Park Clashes With Moon Over South Korea Economy Before Election
South Korea’s main opposition presidential candidate accused front-runner Park Geun Hye of failing to take responsibility for her ruling party’s oversight of an economy hindered by slowing growth and rising inflation.
In the second of three debates before the Dec. 19 election, the Democratic United Party’s Moon Jae In said today the administration of outgoing President Lee Myung Bak had failed to fulfill its economic pledges.
“Everything, including economic growth, balanced regional development, inter-Korean relations, democracy and national security, has fallen apart while household debt and inflation rose,” Moon said in the televised debate in Seoul. Park in turned blamed the “ill-designed policies” of Lee’s predecessor Roh Moo Hyun, whom Moon served under as chief of staff.
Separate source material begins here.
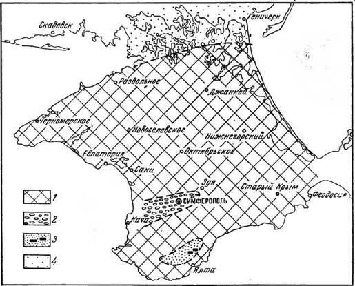 Песчано-глинистые образования возможно юрского возраста известны и в районе пос. Саки (северный борт Альминской впадины), где они залегают на глубинах от 900 до 1400 м. Можно допустить, что они распространяются и южнее, в пределы осевой части этой впадины, протягиваясь из западных районов горного Крыма.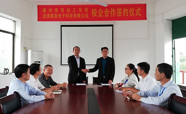 为落实赣州市人民政府办公厅《关于缓解工业园区企业招工难问题的若干措施》的文件精神和赣州市人力资源和社会保障局近期召开的关于引导全市技工学校学生到本地企业实习就业的会议精神,服务家乡经济建设,2018年10月25日下午,赣州应用技工学校与龙南骏亚电子科技有限公司在赣州应用技工学校行政会议室隆重举行校企合作签约仪式。双方就合作形式和学生实习达成了共识。

While Lee’s popularity has fallen by more than half amid public discontent with growing inflation and a widening income gap, Park has maintained her lead in the polls to govern Asia’s fourth biggest economy. The daughter of former dictator Park Chung Hee is attempting to become South Korea’s first-ever female president.
Today’s debate took place as North Korea extended its time frame for a rocket launch this month. Both Moon and Park have pledged to re-engage with Kim Jong Un’s totalitarian state, rejecting Lee’s isolationist stance, regardless of whether North Korea fires the rocket in defiance of international pressure.
Park’s approval rating was at 50.6 percent while support for Moon stood at 43.8 percent, according to a daily poll published today by Realmeter and JTBC, a cable television affiliate of the JoongAng Ilbo newspaper. The Dec. 8-9 survey of 2,000 people had a 2.2 percentage-point margin of error.
South Korea is unlikely to meet the central bank’s growth estimate of 2.4 percent for this year, Bank of Korea Director Jung Yung Taek told reporters in Seoul on Dec. 6. While there are signs of improvement, with exports rising the most in nine months from a year earlier in November, Jung said the expansion will “not be strong” in the fourth quarter.